Re: double quoted attribute value deleted

On 20 November 2010 at 13:22, leegold said:

> Hi, 
> 
> Using tidy to clean up an html file before I parse it. I thought Tidy
> would make the process smoother. I was looking for an automated way to
> report and fix for well-formed-ness... I am not an html standards expert
> I'm sure Tidy has good reason for doing the following by default.
> 
> Given a file with content only:  <table class=""datatable""></table>
> I do:  $ tidy  /home/g/Desktop/scrapes/xmlwf2.xml
> I get back:
> <!DOCTYPE html PUBLIC "-//W3C//DTD HTML 4.01//EN">
> <html>
> <head>
> <meta name="generator" content=
> "HTML Tidy for Linux/x86 (vers 7 December 2008), see www.w3.org">
> <title></title>
> </head>
> <body>
> <table class=""></table>
> </body>
> </html>
> 
> So, "datatable" is removed. Why? I ask because tidy removed content here
> and I'm worried about that. Is there a way to make tidy not do that? 

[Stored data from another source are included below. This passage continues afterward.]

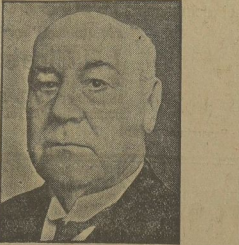
Goh. Kommerzienrat Dr. Ing. h. c. Ernst v. Borsig, den Vorsitz der Vereinigung deutscher Arbeitgeberverbände, den er seit 1925 führt, nach Ablauf des Winters aus Gesundheitsrückgründen niederzulegen.
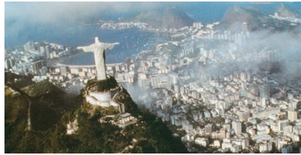
Εικόνα 43.5: Ρίο ντε Τζανέιρο, Βραζιλία

Κατά τον 19ο αιώνα, μετά τη Γαλλική Επανάσταση και τη Διακήρυξη των Δικαιωμάτων του Ανθρώπου, άρχισαν να ξεσπούν στα εδάφη της Νότιας Αμερικής επαναστάσεις για την απελευθέρωση των ντόπιων κατοίκων από τους αποικιοκράτες Ισπανούς. Σύμβολο του αγώνα για την ανεξαρτησία των βόρειων περιοχών ήταν ο Σιμόν Μπολιβάρ, αξιωματούχος γνωστός ως απελευθερωτής.
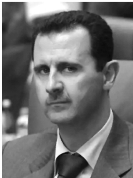
Bashar Al Assad
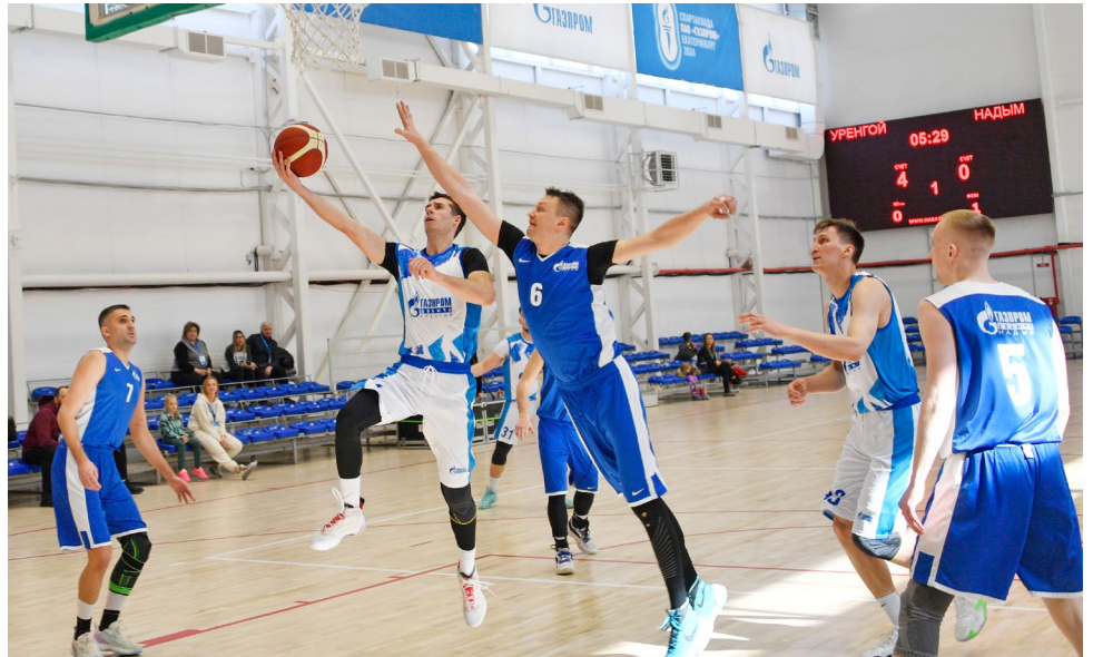
В баскетбольном противостоянии Нового Уренгоя и Надыма дебют за нами – 4:0
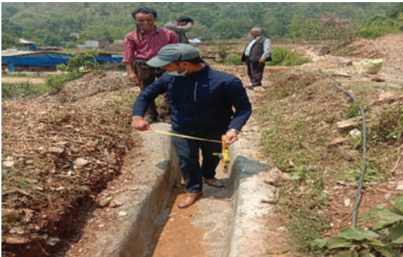
वालिङ्ग नगरपालिका, स्याङ्गजा - साना सिंचाई निर्माण कार्यक्रम
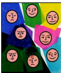
Рис.3. Малюнок кризової ситуації в тренінговій групі, виконаний О.Сауляк
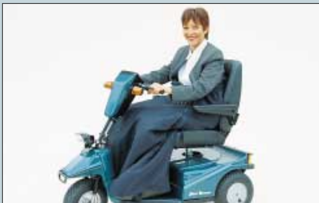
39. Winterfußsack, Wollpelz, Größe M. (Art. Nr. S5-0140). Winterfußsack, Wollpelz, Größe XL. (Art. Nr. S5-0141).

You have two pieces of information attached to <table>:
 class=""   - a valid attribute, which Tidy has retained;
 datatable"" - which is invalid and has been removed.

If datatable is supposed to be a (non-standard) attribute then it needs 
an equals sign separating it from the empty value string (the ""). That 
is, you should put
 <table class="" datatable="">

If it is supposed to be the value of the class attribute then it needs to 
go inside the quotes.

You can't expect Tidy to guess which of these two you meant.

Received on Monday, 22 November 2010 09:40:37 UTC